The largest differences in abundance (higher in EtOH and IPA as compared to both S1 and S2) were observed for CBT, a minor phytocannabinoid found in cannabis varieties at trace levels. Intriguingly, this compound is also found in one species of rhododendron, the specific type used in traditional Chinese medicine to treat bronchitis and other respiratory ailments48. In one of the only in vivo studies to date, CBT was found to decrease the intraocular pressure in rabbit, suggesting CBT as a potential therapeutic for glacuoma49.

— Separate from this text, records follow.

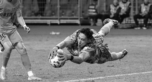 泰山队年轻门将于金永 新华社发
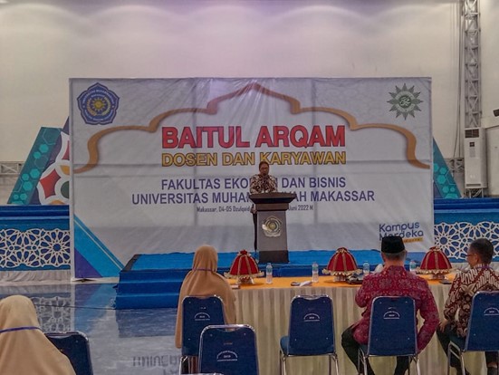 Fakultas Ekonomi dan Bisnis (FEB) Unismuh Makassar melaksanakan Baitul Arqam untuk dosen dan karyawan. Kegiatan ini berlangsung selama dua hari, 4-5 Juni 2022, diikuti 80 peserta di Gedung Balai Sidang Muktamar Unismuh Makassar
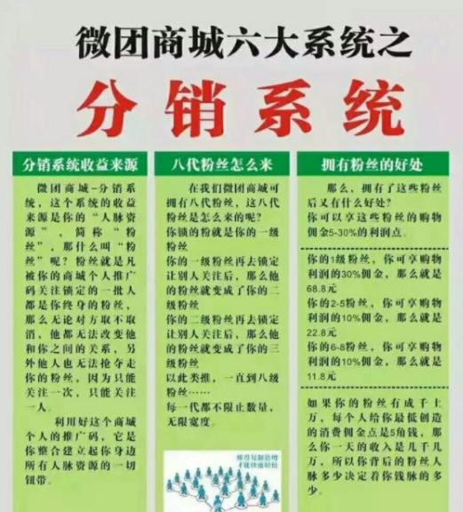 據(jù)了解,微團(tuán)商城的創(chuàng)立,正好趕上微商爆發(fā)初期,發(fā)展非常迅速。微團(tuán)商城最早宣傳有六大系統(tǒng),其中最有爭(zhēng)議的是其中8級(jí)分銷系統(tǒng)。

Cannabis plants have a wide root system which can facilitate efficient uptake of elements from the soil. Cannabis products, in particular seed extracts, have been shown to be a good source of both micro- and macro-elements including P, K, Mg, Ca, Fe, Zn, Cu, and Mn. In addition to the absorption of beneficial nutrients, cannabis plants can also be exploited for the intentional phytoremediation of toxic heavy metals from soil40. Here, we performed ionomics profiling of 24 elements including nutrients, minerals, and toxic heavy metals. Ten elements (B, K, Mg, Mn, Na, Ni, S, Sr, P, and Mo) were significantly different across the 4 extracts, and all of these were higher in abundance in EtOH and/or IPA as compared to the supercritical CO2 fractions (Fig. 4, Table S4). Importantly, none of the toxic heavy metals (Cd, Pb, and As) were significantly impacted by extraction method and none were detected above regulatory levels set by the state of California.

Figure 4
figure 4

Elements significantly different in concentration by extraction method (p < 0.05 after Tukey pos-hoc testing for multiple comparisons). Green = ethanol extract; Blue = isopropanol extract; Purple and Yellow = super critical CO2 fractions S1 and S2, respectively.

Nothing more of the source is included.